Stay tuned for parts two and three.

Saturday, December 6, 2008

Gollesten's Shadow

The following excerpt reveals well the extent to which Gollesten's views continue to exert influence over contemporary labyrinth studies. This passage sheds light on Gollesten's complicated interpretation of the ethical ramifications of boundary circumvention.

I urge anyone with even a passing interest in modern or postmodern labcrit to seek out Stalle's recent translations of Gollesten's Framework, and its companion text The Horizon of the Passage, at all costs.



"...we find in boundary circumvention a most glaring example of the unethical labyrinthian. So possessed is he by the need to reach the labyrinth’s telos, or perhaps to facilitate a state of affairs in which he might perceive the labyrinth as a whole, in its grand totality, that he violates the oldest principle of the labyrinth: he attempts to scale the massive stone columns that surround him, he thrashes through the tangles of hedging which encapsulate him and form the straits through which he has long wandered in toil and torment. Why, you may ask, is this such a transgression? Is not the man who transcends the strictures of the labyrinth merely just startlingly enterprising, perhaps even ingenious? Has not such a man found what amounts to a “shortcut” (Abkürzung) to avoid the perils which have befallen those sainted labyrinthians who alighted upon the darkened corridors for time immemorial before him?
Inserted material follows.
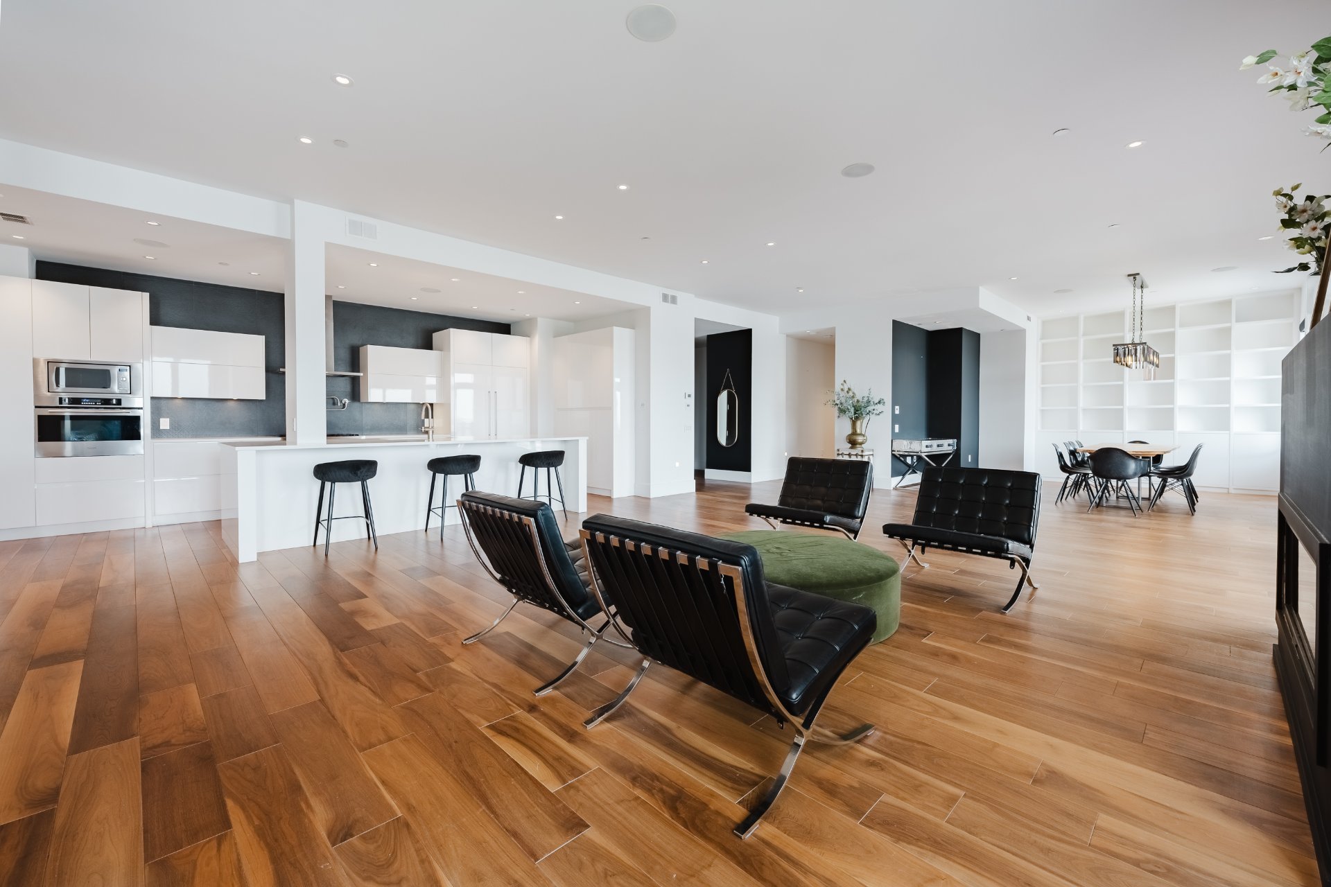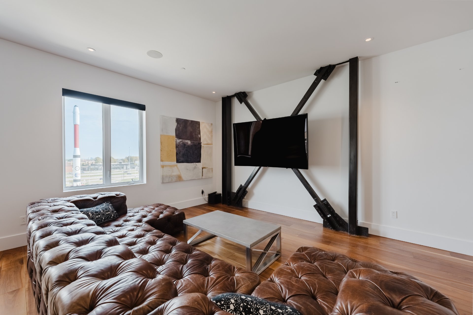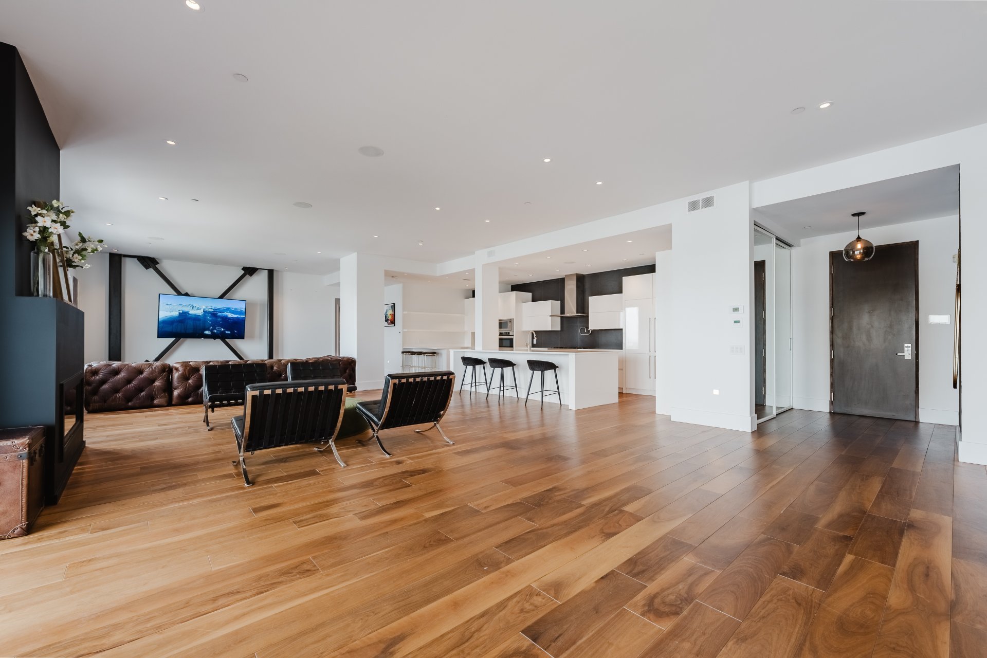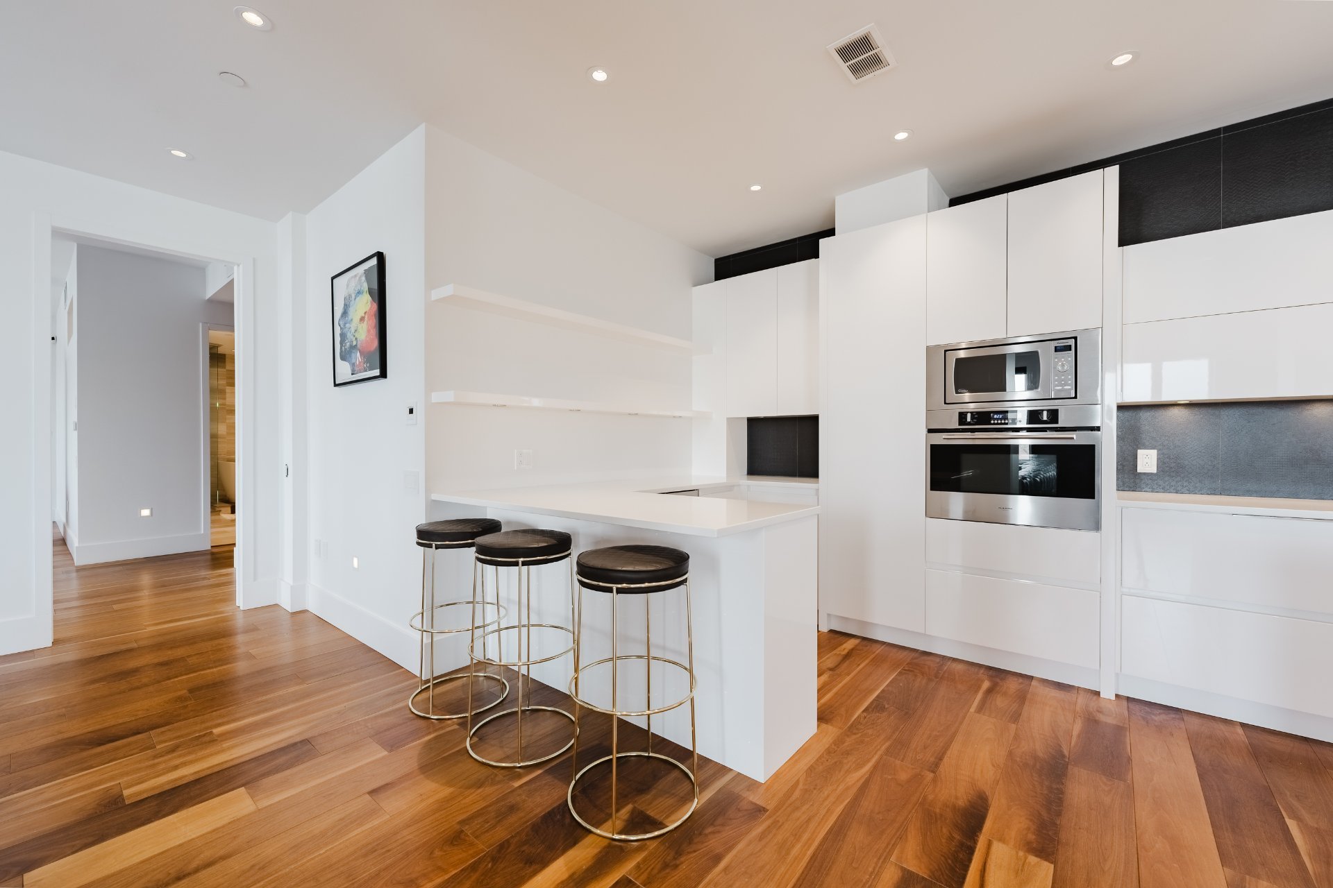 Located on the top floor, this spacious unit offers spectacular panoramic views of the city. The living area, with its generous windows, enjoys remarkable natural light thanks to the large windows that line the dining room and living room, opening onto a first balcony. The modern, chef-worthy kitchen features quartz countertops, two lunch counters, and ample storage.

I urge any man who would take this view to reevaluate not merely this perspective, but his whole moral constitution as such. I ask you, by the same logic, is not the man who steals his daily bread simply a wizened intellect who has found a way to sate his appetite with no recompense? Has the man who convinces the cordwainer that his boots are made not of wood but of pure Moroccan jute not committed an injustice to Saint Crispin? Let us allow the writing of Kant to guide our thinking: an ethic of the labyrinth hinges upon a categorical understanding of ethics as a whole. To endeavor to transcend the walls of the labyrinth violates the principle law of the labyrinth and thus is tantamount to blasphemy. In a more abstract sense, such an action effectively transforms the labyrinth’s structure at large. The center becomes not the telos but a mere grain of visual datum - a destination, but not a goal. The perimeter too becomes re-accessible, so much so that we might witness from the top of an obelisk our well-wishing colleagues in the wold surrounding us, saluting and carrying on, puzzled but amused to see us transcending the formal edicts of the labyrinth."